Страстные люди! Где-нибудь вставьте, употребите это выражение, когда будете писать о них, моих бойцах.

Немцы шарахнулись. Наши увлеклись преследованием. Выстрелы хлопают в лесу. Кричу:

— Заев! Ко мне!

Он подбегает, останавливается, ожидая приказания, серьезный, внимательный, суровый. Опущены по швам его длинные руки. Одна сжимает автомат. Вновь встречаю его честный, прямой взгляд. И вдруг вспоминаю его недавнюю горькую усмешку, понимаю ее смысл. Да, точно такой же паралич, что в минуту душевного потрясения, внезапности стиснул меня, охватил когда-то Заева на пулеметной двуколке. За это я его судил… Ну, не излияниями же заниматься!

— Семен, лети! Возвращай людей! А то не расхлебаем эту кашу.

— Есть!



Некоторое время занимаюсь сбором батальона. То и дело в лесу слышится: «У-гу-гу-гу…» Это аукаются, подают о себе весть далеко зашедшие бойцы.

Наконец все стянулись к вырубке, заняли места в своих взводах, отделениях.
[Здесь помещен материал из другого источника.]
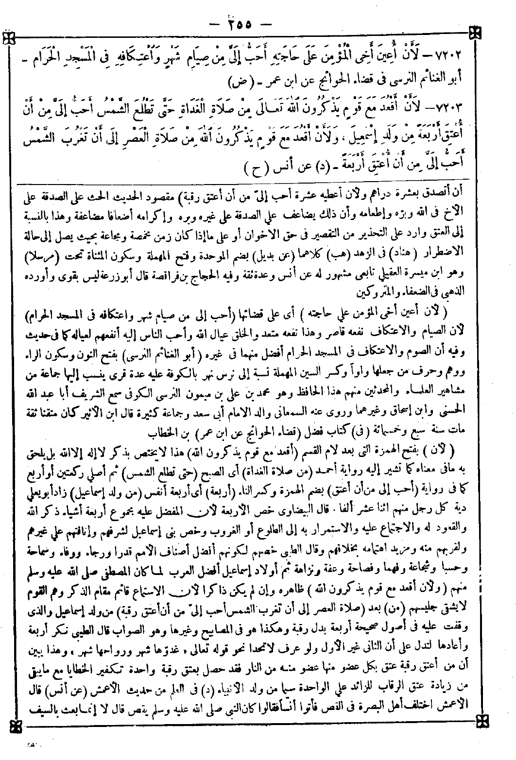 7203 - (لأن) بفتح الهمزة التي بعد لام القسم (أقعد مع قوم يذكرون الله) هذا لا يختص بذكر لا إله إلا الله بل يلحق به ما في معناه كما تشير إليه رواية أحمد (من صلاة الغداة) أي الصبح (حتى تطلع الشمس) ثم أصلي ركعتين أو أربع كما في رواية (أحب إلي من أن أعتق) بضم الهمزة وكسر التاء (أربعة) أي أربعة أنفس (من ولد إسماعيل) زاد أبو يعلى دية كل رجل منهم اثنا عشر ألفا. قال البيضاوي: خص الأربعة لأن المفضل عليه مجموع أربعة أشياء ذكر الله والقعود له والاجتماع عليه والاستمرار به إلى الطلوع أو الغروب وخص بني إسماعيل لشرفهم وإنافتهم على غيرهم ولقربهم منه ومزيد اهتمامه بخلافهم وقال الطيبي: خصهم لكونهم أفضل أصناف الأمم قدرا ورجاء ووفاء وسماحة وحسبا وشجاعة وفهما وفصاحة وعفة ونزاهة ثم أولاد إسماعيل أفضل العرب لما كان المصطفى صلى الله عليه وسلم منهم (ولأن أقعد مع قوم يذكرون الله) ظاهره وإن لم يكن ذاكرا لأن الاستماع قائم مقام الذكر وهم القوم لا يشقى جليسهم (من) بعد (صلاة العصر إلى أن تغرب الشمس أحب إلي من أن أعتق رقبة) من ولد إسماعيل والذي وقفت عليه في أصول صحيحة أربعة بدل رقبة وهكذا هو في المصابيح وغيرها وهو الصواب قال الطيبي: نكر أربعة وأعادها لتدل على أن الثاني غير الأول ولو عرف لاتحدا نحو قوله تعالى {غدوها شهر ورواحها شهر} وهذا يبين أن من أعتق رقبة عتق بكل عضو منها عضو منه من النار فقد حصل بعتق رقبة واحدة تكفير الخطايا مع ما يبقى من زيادة عتق الرقاب للزائد على الواحدة سيما من ولد الأنبياء

Батальон выстроен, готов к походу.

Лишь Рахимов еще не вернулся. Но ждать больше нельзя.

Всей колонной мы идем к опушке, откуда уже рукой подать и до Гусенова. В эту деревню, как сказал мне Панфилов, передвинулся штаб дивизии. Туда, к штабу Панфилова, нам, его резерву, надобно прийти, это конечный пункт нашего марша.

Опять меряем шагами лес. Головной взвод все время уклоняется куда-то вбок от прямой линии, прочерченной на карте. Посылаю вперед Филимонова, опять колонна кружит, выписывает зигзаги. Поручаю Заеву пролагать путь, и снова нас шатает из стороны в сторону. Сам беру взвод — невеликий остаток сражавшейся в Горюнах роты, — иду головным бойцом.

Вот и опушка. Раскаты пушечного грома, с утра нас сопровождавшие, тут, на открытом месте, звучат резче. Колется ветер. Мороз сразу становится чувствительнее. Чуть на изволоке виднеются домики Гусенова. По ветру влачится дым. Деревня горит. Нас отделяют от нее километра полтора чистого поля.

Кто же сейчас занимает деревню: наши или немцы?

Подзываю Джильбаева, Муратова, еще трех бойцов. Отправляю их в разведку. Объясняю: возможно, деревню удерживают наши войска. Тогда двинемся туда всем батальоном. Если же она захвачена врагом, пусть он себя обнаружит. Задача в таком случае — вызвать огонь немцев. Идти с винтовками на изготовку, не прятаться, не ложиться, пока немец не откроет огонь. Потом отползать. Мы отсюда прикроем, не подпустим врага.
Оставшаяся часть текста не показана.